Report the number of lines in the records below that contain the word "entire", and nothing more.
—————
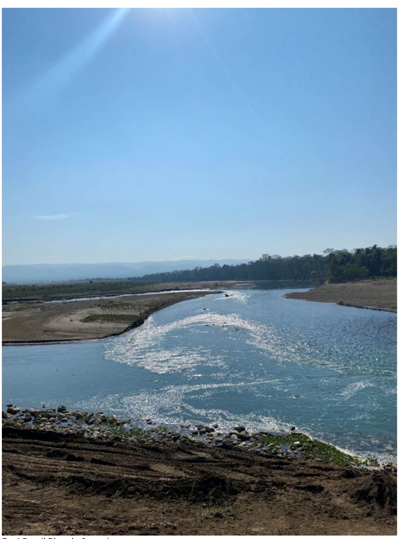
East Rapti River in Sauraha.
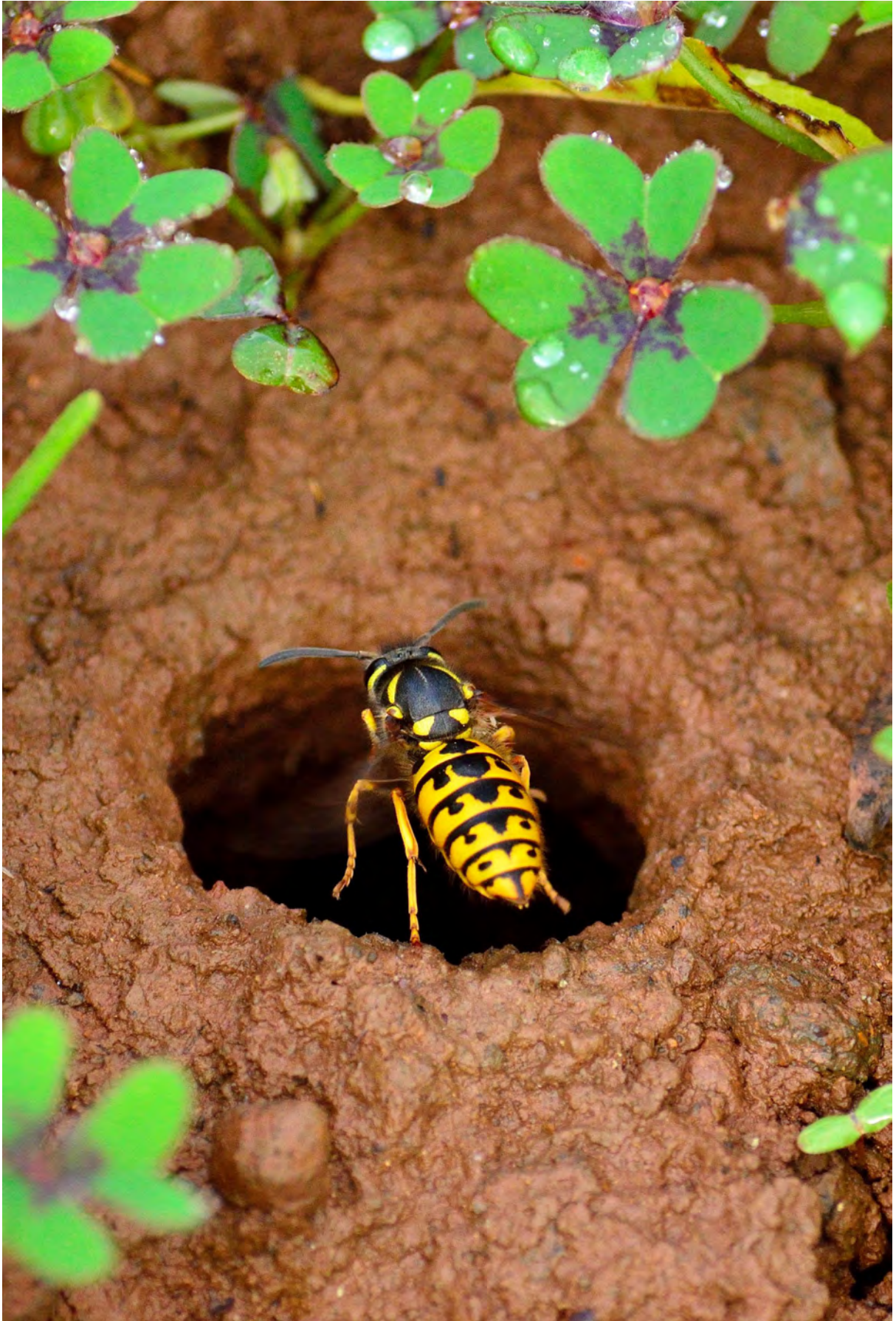
Image 5. European wasp at nest entrance. European wasps are considered one of the worst wasps in the world
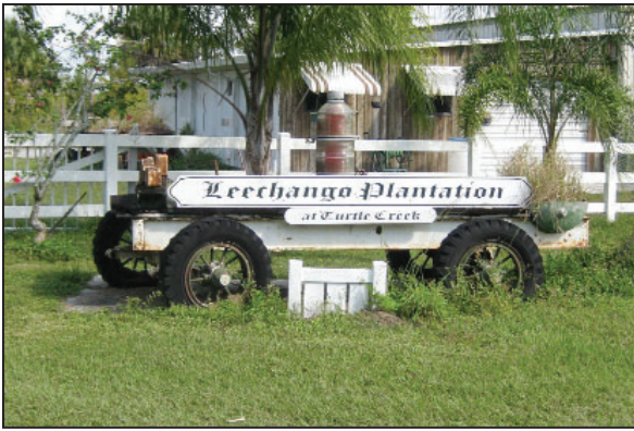
The seller's entire Leechango Plantation business and registered name is included in the offering
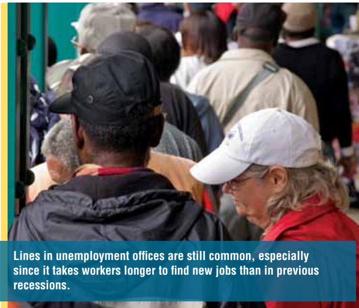
Lines in unemployment offices are still common, especially since it takes workers longer to find new jobs than in previous recessions.

Rather than do what appears to be easiest and quickest, decision makers need to consider—in thoughtful, flexible, and creative ways—significant contributors to the deficit and sizeable budget line items. There is no easy answer to the nation’s budget imbalance. But looking at all causes and weighing all response options is a more realistic solution than attempting to solve the entire problem with cuts to just a small portion of the budget.
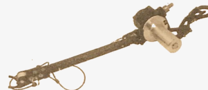
XD1 $1,566.00 XD1 CIRCUIT PULLER STOCK# 65090901

BUY 2 MAXIS® XD1 CABLE PULLERS GET 1/4" X 300FT QWIKROPE® FREE
—————
(Finished exercise)
2